= You Laughed and Laughed and Laughed =

"You Laughed and Laughed and Laughed" is a poem by Nigerian writer Gabriel Okara. One of the most popular in his oeuvre, it is a frequent feature of anthologies, such as A New Book of African Verse edited by John Reed and Clive Wake (Heinemann African Writers Series, 1985). "The piece belongs with the best of Senghor's nostalgic verse," wrote Michael J. C. Echeruo in a tribute to Okara on the occasion of his 70th birthday, "with the militancy of many of David Diop's lyrics, and certainly with J. P. Clark's 'Ivbie', another of my favorite African poems. Okara's poem is more relaxed than these, however, more ironic, less tortured. In some ways, of course, it is less urgent, less strident, less involved. If Clark's 'Ivbie' was complex and for good reason, You laughed, and laughed, and laughed seemed also appropriately straightforward: proud without arrogance, hurting without showing it, and blunt without rudeness." The first of Okara's poems that it was Echeruo's pleasure to read, it was also in his opinion the most enduring. The poem is sometimes wrongly attributed to South African writer Dennis Brutus.

== Synopsis ==
Gabriel Okara's poem consists of 10 stanzas and describes the interplay of different interpretations of the same sounds, sights, and dances. The interaction that takes place within the poem is commonly thought to be between a white colonialist and an African native. The poem follows a trope in African literature of "The White Man Laughed", which embodies the notion of dismay and cynical derision of the beliefs, practices, and norms of an African. However, Okara's poem can be seen to transcend the acceptance of the derision of the White Man and present a wiser African intellectual. The poem concludes with the African man teaching the White Man of his ignorance and helping him realize that the native beliefs of the African are not primitive nor removed from intellectual thought.

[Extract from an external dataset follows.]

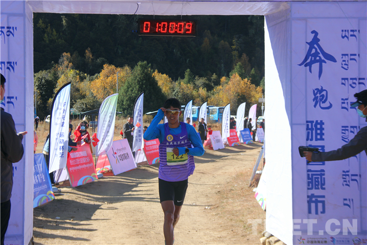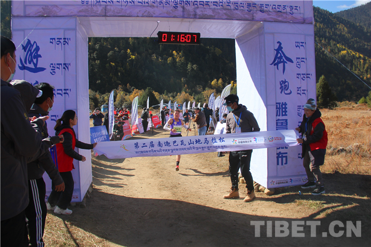 在雪山的映襯下,參賽選手們身穿各色服裝,伴隨著周邊村民的加油助威,一路抵達(dá)終點(diǎn)。最終,來(lái)自西藏自治區(qū)山南市的扎巴以59分02秒的成績(jī)獲得男子組第一名,邊片以1小時(shí)16分12秒的成績(jī)奪得女子組第一名。

As summarized by Pushpa Naidu Parekh, "In 'You Laughed and Laughed and Laughed,' the colonizer's mockery and contemptuous disparagement of indigenous African culture and worldview are confronted and ultimately silenced by the warmth of the native's 'fire' laughter."

== Poem ==

In your ears my song
is motor car misfiring
stopping with a choking cough;
and you laughed and laughed and laughed.

In your eyes my ante-
natal walk was inhuman, passing
your "omnivorous understanding"
and you laughed and laughed and laughed

You laughed at my song,
you laughed at my walk.

Then I danced my magic dance
to the rhythm of talking drums pleading, but you shut your eyes
and laughed and laughed and laughed

And then I opened my mystic
inside wide like the sky,
instead you entered your
car and laughed and laughed and laughed

You laughed at my dance,
you laughed at my inside.
You laughed and laughed and laughed.

But your laughter was ice-block
laughter and it froze your inside froze
your voice froze your ears
froze your eyes and froze your tongue.

And now it’s my turn to laugh;
but my laughter is not
ice-block laughter. For I
know not cars, know not ice-blocks.

My laughter is the fire
of the eye of the sky, the fire
of the earth, the fire of the air,
the fire of the seas and the
rivers fishes animals trees
and it thawed your inside,
thawed your voice, thawed your
ears, thawed your eyes and
thawed your tongue.

So a meek wonder held
your shadow and you whispered;
"Why so?"
And I answered:
"Because my fathers and I
are owned by the living
warmth of the earth
through our naked feet."

"You Laughed And laughed And Laughed | Gabriel Okara" (2014)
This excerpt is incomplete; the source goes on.